The notion of reconfiguring a 4 processor design for an "unconventional" TMR and 4MR mode is introduced. Reconfiguration is implemented on the fly using a "reconfiguration instruction" with the "ON" operand in the normal program code. Processors and VL for TMR are chosen using metrics such as millions of instructions executed for processors and reliability of the VLs. The TMR or 4MR configuration can be "dissolved" by the same reconfiguration instruction with the "OFF" operand.

The major contribution is the Dynamic Reconfiguration of the processors at run time for enhanced Reliability (unlike all other systems where Reliability is always a decreasing function of time). The second contribution is that TMRs are built and dissolved during normal operation, unlike original TMRs which are hard wired for lifetime operation.

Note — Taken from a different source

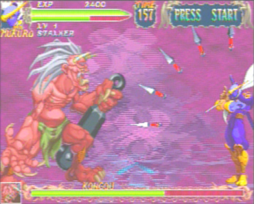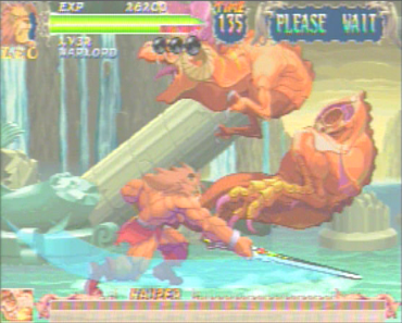 While this is only four characters, each has a long list of moves when maxed out. Like any other fighting game, they have their respective strengths and weaknesses. As for the CPU opponents, there are only eight; from Hauzer, an earth dragon with thick skin and firey attacks to Nool (Hydron) an aquatic creature who uses ice/water based attacks to Luan (Lavia) a bird-woman who attacks from the air and is annoyingly swift. They too have their weaknesses against certain elemental attacks, as well as their own moves and/or 'Super' Moves. Unfortunately, there is no code to play as any of the CPU opponents or any secret characters. I will tell you that WZ is a fighting game. You have your joystick and six buttons (3P/3K). Typical Capcom stuff, right? Yes, but it gets different in a lot of ways. When playing in 1P mode, the 'best of three' concept goes away. It's just one round. Lose and be prepared to insert another coin. As your level goes up, the enemy's life increases. (more on levels in a bit.). Also this game revolves around experience points. This value is basically your score. as you you hit a certain score, your level increases. Also the "Super Moves" are not as you know it this time around. You can only do them when you have Magic Orbs, which you can use for an Elemental Attack using 214+3P. WZ isn't exactly one of the more combo-friendly games, but some nice stringing can be pulled off here, too. This game is notorious for "guard cracking" when your guard breaks from blocking too much in period of time. One sure fire way around that is to use the "Ultimate" guard, which is done by pushing the same strength P+K. This will let you block any - and everything - with no damage at all. The only catch is that you can't do this in the air, and the lag from recovering from this can cost you some valuable life. As for the moves, you only start with a few and earn more as your level increases. A good thing is that they are all simple circular motions of some kind. Nothing at all as intricate as any SNK moves, but easy enough to where you can link regular moves in to special moves. Some moves, however, can be obtained by having a high enough level and "Vs. points" (from 2P matches). After finding the passwords that include these moves, I'd easily say that they are well worth the effort. Super Moves are done with the 'typical' Super Move motions (like 236236+P), but require you to have a Magic Orb to do them. The level up system not only gains you moves at certain levels, but also affects your strength and your defense against certain elemental attacks from the enemy. As the level increases, the points needed to advance get higher. Sometimes it make take a complete play-through to gain one level. Bonus points are earned by collecting coins that appear in random treasure chests throughout a fight (as well as food and even Magic Orbs), and of course from finishing a CPU opponent in a certain way, remaining vitality, time, etc. The game can be finished at any level, but the game is much better balanced as you have more techniques to take on the opposition. As for the endings, they are usually based on descisions (yes/no) that you make, or factors in game play (like how you finish a certain opponent, for example). Every character has a good and a not-so-good ending. WZ has great graphics. The backgrounds are deatiled and imaginative, but in a way charmless, since there is not a lot going on (if anything at all). You'll immediately notice that some characters have a lot of animation. One of the better examples is Nool (Hydron). That's largely because of the extra RAM that the system can run. Even the non-player characters in the game sport a fair amount of animation, as well. The endings are nicely drawn too. Like the later games to come in the CPSIII family, you get a good share of zooming effects to the point where it doesn't take a way from the gameplay itself. The sound in WZ does seem fitting of the game. While some of it is forgettable, there were a few tracks that did grab my attention (like Leo's vs. theme). Is it me or do a lot of the tracks have that drum beat in it? Oh well. The voices are cool too. What's really interesting is a lot of the voices were removed or changed between versions. Tao's "kujuu-ken!" has chanced to a simple "aaay!" This announcer is also definitely one of the coolest ever, with his deep pseudo-evil voice. Another feature that is unique to WZ is the password system. With this, you can keep your character's level and abilities, but must begin the game from the first battle. By continuing, you also keep your current level and the enemy's life meter stay at about the same point when you lost (give or take a few points). Overall, War-Zard is a decent game, though it has its obvious flaws. Many hardcore fighting fans may try their luck for a round or two, but my be scared away from the eventual lack of replay value. I only like it because I want to play it on the same level that the experts go to Super Battle Opera with on SSFIIX. Collectors might find this game to be a treasure since it wasn't widely released in the rest of Asia and the Japanese kits can be obtained for cheap. If you ever see this game, buy it or play before it does fade into total obscurity. |

*Index Terms*—Multi-processors systems, Reliability, TMR/NMR systems, Reconfiguration, Design Profiles, Diagnosable Voters, Totally self-checking circuits.

## I. INTRODUCTION

*Multi-Processor Systems (MPS):* MPS can be broadly classified as Multiple Instruction Multiple Data stream (MIMD) or Single Instruction Multiple Data stream (SIMD) systems [1]. Multi-Processors System-on-chip (MPSoC) [2], with Network-on-Chip (NoC) infrastructure is a variant of MPS. It is now an important, well known and useful class of VLSI circuits, but does not belong in the SIMD or MIMD classification necessarily. The abundance of processors in SIMD, MIMD and MPSoC can be used to increase the reliability of computation at run-time. In this paper, a four processor system similar to QuadroCore [Figure 5.8 of [8]] is used for simplicity. The techniques derived in this paper can be used in ICs as well as PCBs.

*Fault classes:* A Fault is a hardware defect or a programming mistake [5]. Only hardware faults are considered here. An error is the manifestation of a fault. Various types of malfunctions have been identified in the literature. These

include intermittent failures, transient failures, soft errors, rapid fluctuations in power supply voltages, burst noise and common mode failures. Only single and multiple stuck-at permanent faults are usually considered.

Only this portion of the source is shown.